Semantic Embedding Layer
I encode each emoji’s meaning using its textual definition. Concretely, the textual description from EmojiNet is fed into the OpenAI text embedding model text-embedding-3-small[5] (1536 dimensions). This model maps natural language to a dense vector space, so semantically similar definitions yield similar vectors. I do not fine-tune the embedding model, using it as-is. This yields an embedding matrix $E_{\text{sem}}\in\mathbb{R}^{1810\times1536}$ (one vector per emoji).
To visualize and cluster these high-dimensional semantics, I reduce $E_{\text{sem}}$ with PCA to three dimensions. In this reduced space I apply k-means clustering (with cluster count chosen by the silhouette score and interpretability). The result is a 3D scatter of emojis labeled by cluster. Fig. 1 (semantic scatter) shows one 3D projection: distinct clusters emerge for conceptual categories (e.g. facial expressions, animals, flags). For example, one cluster contains many smiley faces, reflecting that “happy/laugh” definitions are grouped together. I interpret the first PCA axis as roughly positive–negative emotion, and the second axis as concrete vs abstract meanings. Because I used human-readable definitions, the resulting clusters are interpretable: one can inspect the keywords in each cluster (e.g. a cluster of heart emoji has “love, affection” terms), confirming semantic cohesion.

Visual Embedding Layer
Each emoji is also analyzed as an image. I feed each 72×72 PNG into a pretrained ResNet-50 (ImageNet weights)[6]. Specifically, I take the 2048-dimensional activation from the network’s penultimate layer (global pooling) as the visual feature vector. This yields an $1810\times2048$ visual embedding matrix $E_{\text{vis}}$. Intuitively, emojis that look similar (similar shapes, colors, or motifs) will have similar ResNet features.

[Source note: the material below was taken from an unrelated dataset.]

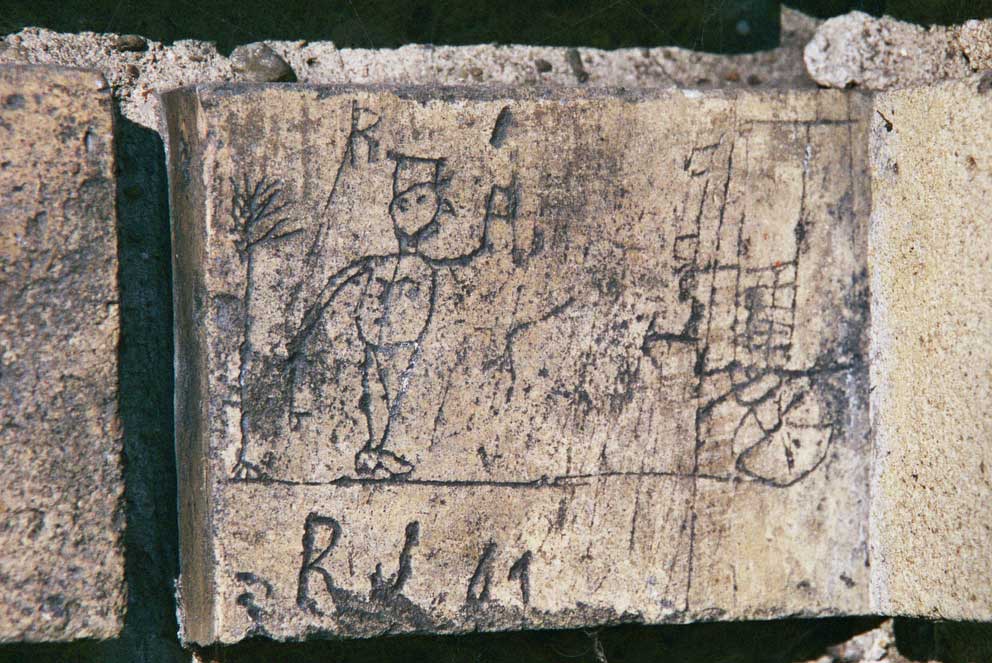 Mindhárom épületet a dualizmus kori középületek jellegzetes burkolóanyaga, az úgynevezett nyerstégla fedi. Gyakorta találkozunk vele így ma is a korszakban emelt kórházak, iskolák, közüzemek és -raktárak, piaci csarnokok, laktanyák vagy templomok felületein, s olcsósága, látványossága és tisztán tarhatósága miatt mára ipari műemlékké szépült gyárépületeink nagy többségének falait is ez fedi. Az elnevezése megtévesztő, hiszen fényes felülete és a közönséges tégla szilárdságát fölülmúló keménysége épp a nyerstégla magasabb hőfokon való kiégetése révén áll elő. Nem értelmetlen mindemellett, mert épp a belőle épített falfelület vakolásának szükségtelenségére utal. Bár építészeti üzenete a közfunkció látványos különbözésének hangsúlyozása volt, a valóban komoly tekintélyt sugározni kívánó középületeken már nem alkalmazták. Számunkra – és persze a firkákat, rajzokat rájuk vésők számára – mindebből annyi fontos, hogy az időjárás viszontagságait jól tűrő felülete kiválóan alkalmassá teszi az utókornak szóló üzenetek megőrzésére. E kiállítás befogadóképessége véges, aki azonban türelmes szemmel nézegeti más ilyen épületek falait, további becses üzenetekre akadhat.
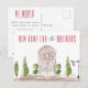 Nouvelle Maison Pour Les Vacances. Jolie porte illustrée, couronne, arc, arbres et lampe de rue, faire-part mobile carte postale. La carte comporte plusieurs lignes de texte modèle pour votre nouvelle adresse et votre message de vacances.

As with semantics, I apply PCA to $E_{\text{vis}}$ and k-means. The resulting 3D scatter tends to group emojis by graphical style. For example, many flags (rectangular solid-color shapes) cluster together, separate from complex pictorial icons. Fig. 2 (visual scatter) highlights this: one sees, e.g., a tight cluster of flag emojis on one side and clusters of colorful objects or hand-gesture shapes elsewhere. The PCA dimensions roughly capture broad visual factors (e.g. color vs form). This purely data-driven analysis often yields clusters that match expected visual categories: soccer balls group by round shape, fruits by color patterns, etc.

LLM Token Embedding Layer
The third layer uses an LLM. I input each emoji symbol to a pre-trained 1.1B-parameter LLaMA-derived model (TinyLlama[7]) and extract its final token embedding (the hidden-state vector). The intuition is that the model’s internal representation of an emoji should reflect how it uses or relates the emoji during language modeling. This yields an $1810\times d$ matrix of LLM embeddings (here $d$ = hidden-unit count). We again apply PCA and k-means.

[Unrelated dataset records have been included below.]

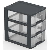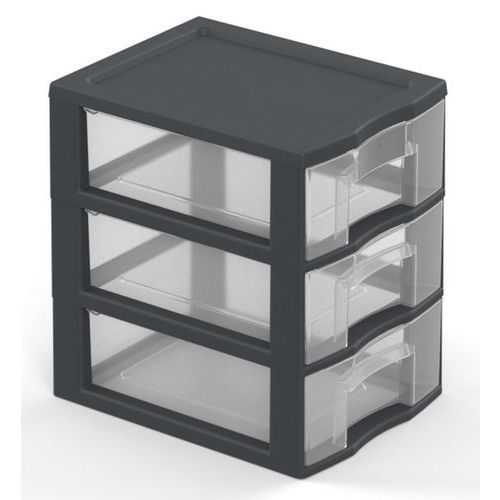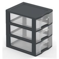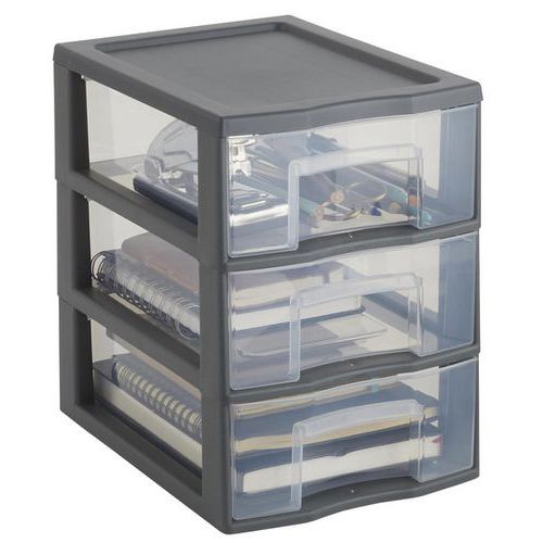 Van 40% gerecyclede kunststof. Eenvoudig stapelbaar. Lades met aanslagen tegen eruit vallen. Kruistop voor het plaatsen van kleine voorwerpen. Ergonomische handgreep op elke lade. Opberglade XL: 38,5 x 37 x 14 cm.
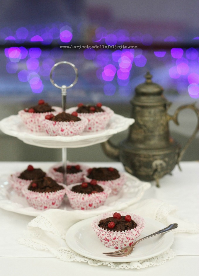 Schiaccia bene con una forchetta la frutta matura, unisci l'uovo e lo zucchero e mescola per fare amalgamare bene il composto. In una ciotola a parte miscela le farine con il cacao, il sale e il lievito. Unisci le polveri all'impasto, poco per volta, e mescola il tutto fino ad ottenere un composto piuttosto sostenuto. Unisci quindi una manciata di chicchi di ribes, mescola bene e dividi il composto nei pirrottini dello stampo da muffins (basterà per 12 tortine). Decora con ancora qualche chicco di ribes e  inforna a 180° per circa 20-25 minuti. Per assicurarti della cottura fai sempre la prova stecchino.
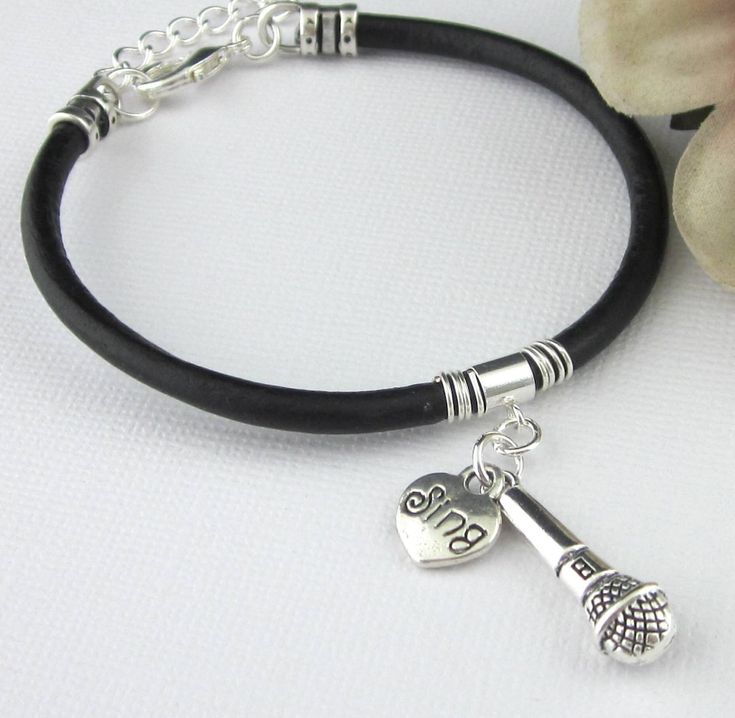Microphone Charm Bracelet With Black Leather Cord Handmade by Connie of Thesingingbeader
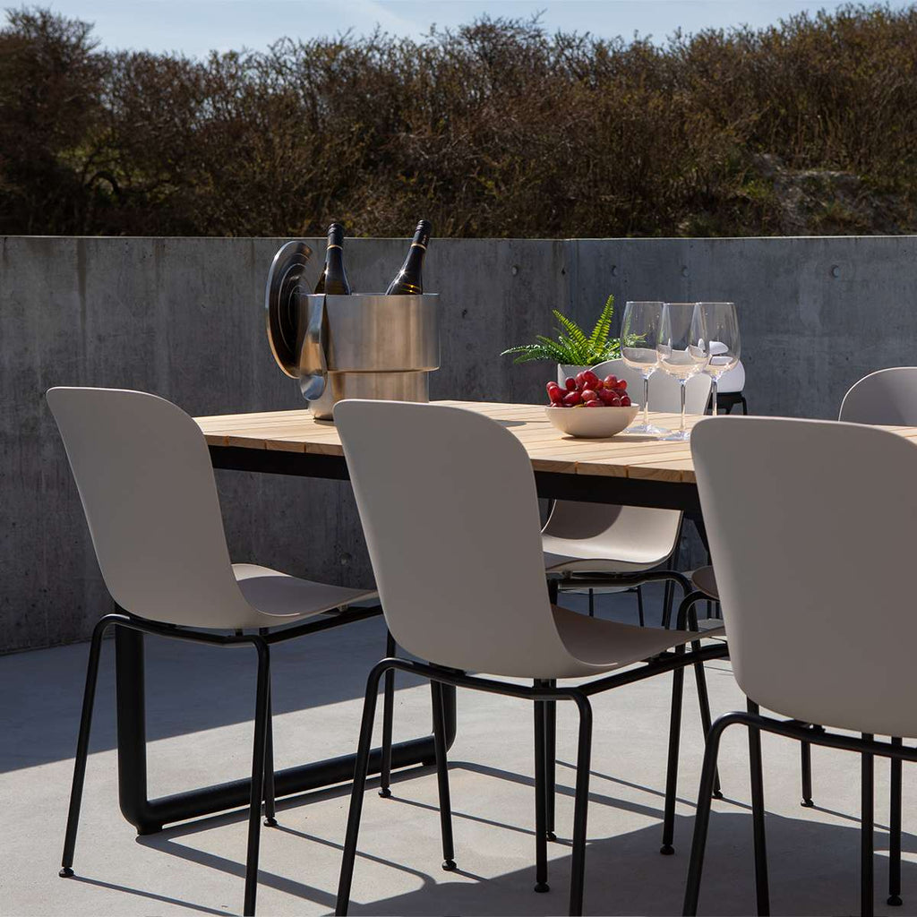 Patio Chair No. One S1 kan staplas eftersom stolsbenen lätt passar runt skalets form.
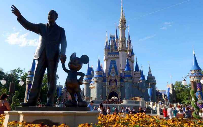 A statue of Walt Disney and Mickey Mouse stands in a park in front of Cinderella Castle at Magic Kingdom Park at Walt Disney World on May 31, 2024, in Orlando, Florida.

The LLM clusters often mirror semantic themes: emojis with related roles or concepts cluster together because the language model has learned to use them in similar contexts. For instance, a cluster might contain various heart emojis and another cluster might contain vehicle emojis. However, some idiosyncrasies appear: because the model was trained on text, it may not distinguish visually-similar emojis if they are used similarly in text. TinyLlama performed surprisingly well for its size, significantly improving on earlier small models. Fig. 3 (token view) displays the 2D PCA projection of the LLM embeddings. One notes broad alignment with semantic clusters (emotion vs object), but also evidence of the model’s biases. This layer is somewhat of a “black box,” but by clustering I can still interpret groups (e.g. a cluster of food emojis all have similar token vectors in the model’s space).

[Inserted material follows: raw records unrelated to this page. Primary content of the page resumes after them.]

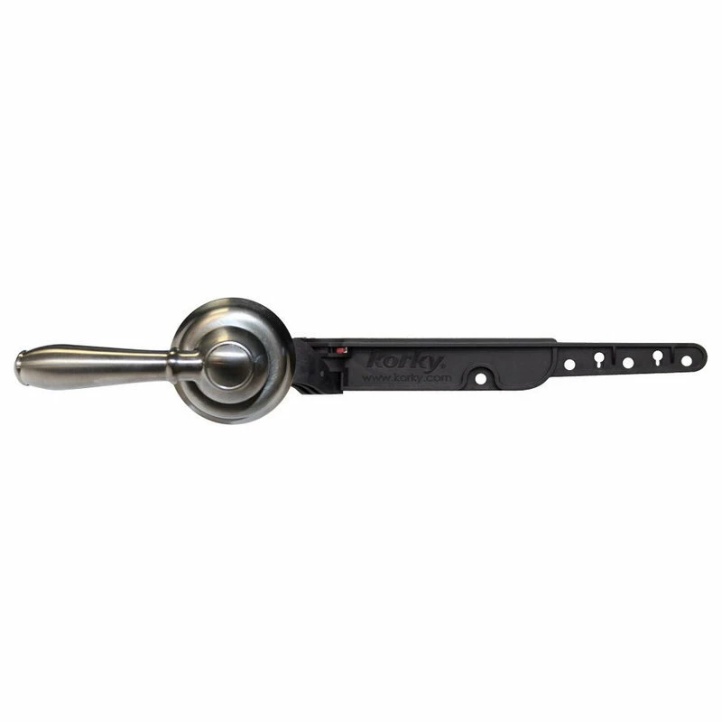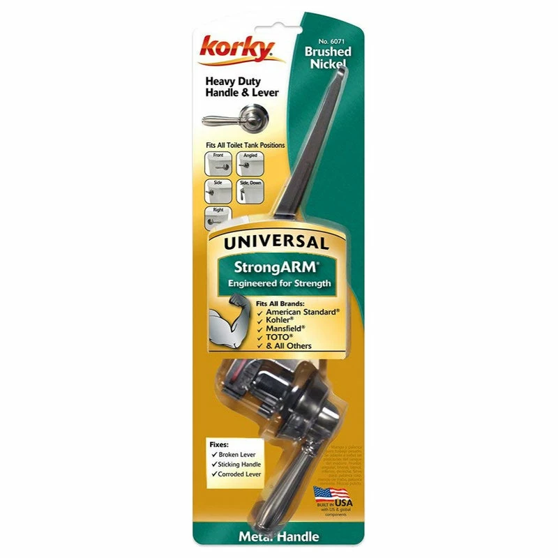 Designed to fit the majority of toilets, the Korky StrongARM Handle & Lever easily adjusts to fit all tank positions including: front, side, angle and down. Optimized for use with both 2″ & 3″ flappers and canister-style flush valves, the engineer grade material performs as well as brass and aluminum levers. Reinforced in common stress areas, the StrongARM lever is adjustable to eliminate the need to bend for fitment.
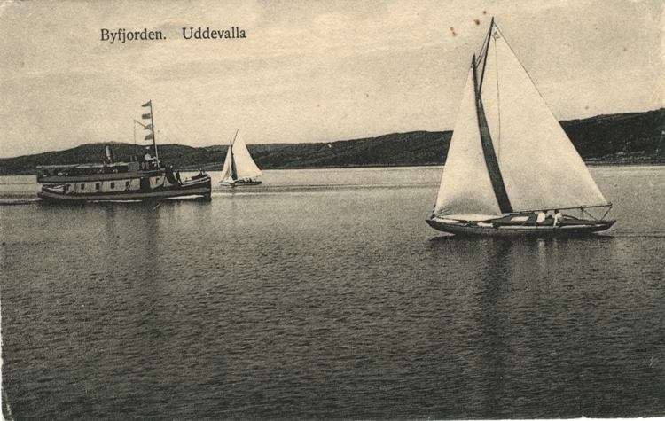 Tryckt text på vykortets framsida: "Byfjorden. Uddevalla."
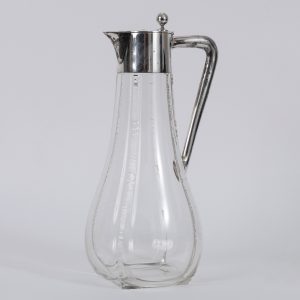 Henkelkaraffe mit Silbermontierung im Jugendstil, Deutschland, um 190020,00 €800/- silver and colourless cut glass; total weight: approx. 1191 g; decanter with quatrefoil, pear-shaped body, vertically ornamentally cut, on a square base with angular handle, spout, hinged lid with mouth and spherical thumbpiece in silver; lid engraved “H.Y.C. Alster 25.7.1909”; on the side of the lid stamped with crescent and crown, a partially struck unidentified maker’s mark, model number and fineness mark; solder residues on the centre of the lid, isolated enclosed foreign inclusions in the glass, chip in the glass measuring approx. 1 cm, heavy oxidation traces, wear to the base; height: approx. 31 cm.
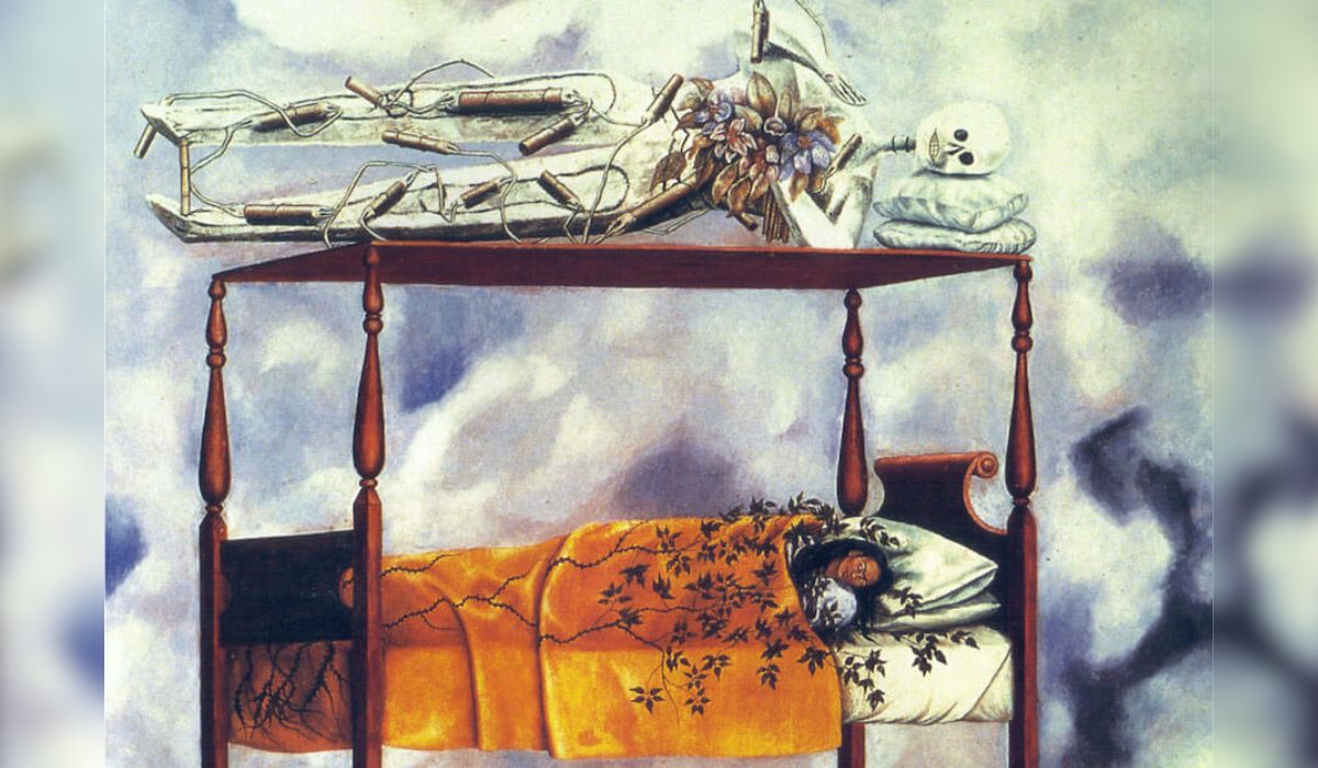 La pintura muestra a Kahlo recostada en una cama flotante entre nubes, cubierta por ramas de árbol.

Interactive Visualization Interface
I built a web-based exploration interface (D3 + React + Scrollama) to tie together the three layers. The interface is not an automatic scrolling story; instead, it provides a “Start Guided Tour” button that triggers each section on demand. The user can switch between Semantic View, Visual View, and Token View, and also highlight subsets of emojis. A screenshot is shown in Fig. 4: the interface lists emoji clusters and definitions on the left, and shows the 2D scatter in the main panel with tooltips. Users can click an emoji to see its definition (sourced from EmojiNet) and highlight related emojis, exploring correspondences across views. This interactive guided tour ensures that users actively click through each analysis step, rather than passively scrolling.

Insights
Comparing the three layers yields several insights:
- Semantic vs Visual: Many emojis that are semantically related are visually dissimilar. For example, animal emojis cluster by meaning (zoo vs farm) semantically, but scatter visually by color or posture.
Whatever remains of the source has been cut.